Nor do I want to come off as a snob who thinks the Alps are some God-given utopia of skiing and chocolate. I'm proud that in America we ski alpine in places that lack even a single alp—Wisconsin, for instance. Good for us. Still, skiing among big, snowcapped mountains is a joy of the sport. That's why I went to Zermatt last spring: I wanted to ski in the glow of an icon.
As icons go, the Matterhorn knows no equal. The Zermatt ski area calls itself an "Alpine Monument, and then backs it up by sprawling high and wide across the tallest concentration of peaks in Western Europe (38 of them above 13,000 feet). The span between Zermatt's tidy base and the 12,792-foot Gobba di Rollin equals 7,477 vertical feet. Vast tracts of off-piste surround 150 miles of trails reached by a cog railway, a high-speed underground railway, 11 trams, eight gondolas, 16 chairs, and 28 surface lifts.
About that suffix "horn: When glaciers erode a mountain on all sides, a pyramidal mountain peak remains, called a horn. Among the many horns, the Matterhorn—nearly sheer on all sides, with great bounding ridges that elegantly converge in a dagger-point apex—is a real horn god. It comes off more dramatic still by thrusting out of an otherwise uncluttered horizon.
The anti-L.A., Zermatt forbids cars. Zermatt's electric cabs (think golf carts with miniature payloads) ran so quiet I thought my ears had popped. I spent the first day bombing groomers and craning my goggles toward the most alluring peak in the Alps. The Matterhorn just stood there as I skied toward, around, and behind it. Yet it emanated intense potential energy, like a rocket awaiting liftoff, or an arrowhead trembling in its bow—or that pyramid casino in Vegas.
I joined a backcountry tour the next day. We met at the cog railway for the 8:24 train, which naturally left on time. After the cog gave way to a tram and then a gondola, we skinned for a couple of hours to a 12,473-foot promontory called Cima di Jazzi. From there, we dropped a Vallee Blanche—size glacier called Findelgletscher. Said Thomas, our Swiss-German guide, "Zermatt is halfway between Chamonix and St. Moritz. Not as dangerous as Cham; not as many rich people as St. Moritz. In Zermatt, he implied, difficult slopes and easy women coexisted happily.
I spent a night in a hut on the ridge that spills off the Matterhorn and forms the international border. The weathered wooden hut hovers almost 11,000 feet above sea level. A couple of Spanish snowboarders and I (the hut's only guests) ate spaghetti for dinner while gazing out over the Alps.
In 1865, Edward Whymper became the first person to summit the Matterhorn, the last major peak in the Alps to be climbed.
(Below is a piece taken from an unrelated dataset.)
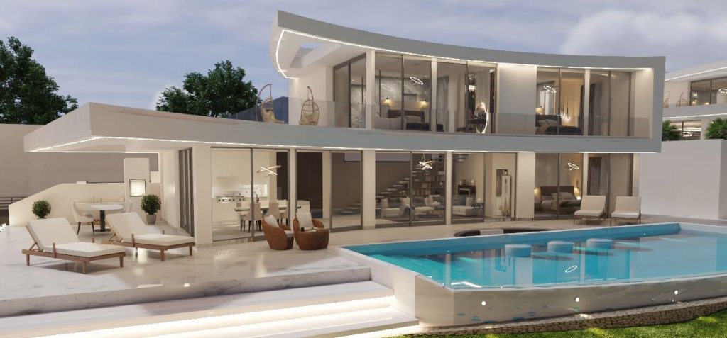 Refined contemporary villa set on a generous private plot, offering expansive interiors and breathtaking mountain and sea views. Featuring elegant en-suite bedrooms, designer bathrooms, and seamless indoor-outdoor living, the residence is complemented by an infinity pool, sun terraces, and sophisticated entertaining spaces.

As he and his Zermatt-based group stood on the pinnacle, they saw a rival Italian team climbing up. To announce their victory, they threw rocks at the Italians. Good times. But the karma wheel spun around instantly, and four of Whymper's colleagues died sliding roped-together off a cliff. It seems that Zermatters are still a bit rude. Maybe I had sausage stuck in my teeth, but I was systematically frowned at till proven innocent. Said Nadia, the Italian hut keeper, "The Swiss, they dislike everybody but the Swiss.
Having watched Coloradans snarl at Texans, I'm no stranger to tourist resentment. It makes no sense to browbeat one's economic lifeblood, but sometimes locals need a scapegoat to kick. Perhaps it's time for the Swiss to think more American, and soothe their Weltschmerz with packaged junk food. As the Matterhorn so ably reminds us, a selection of tasty chocolate pyramids is available from a company called Toblerone.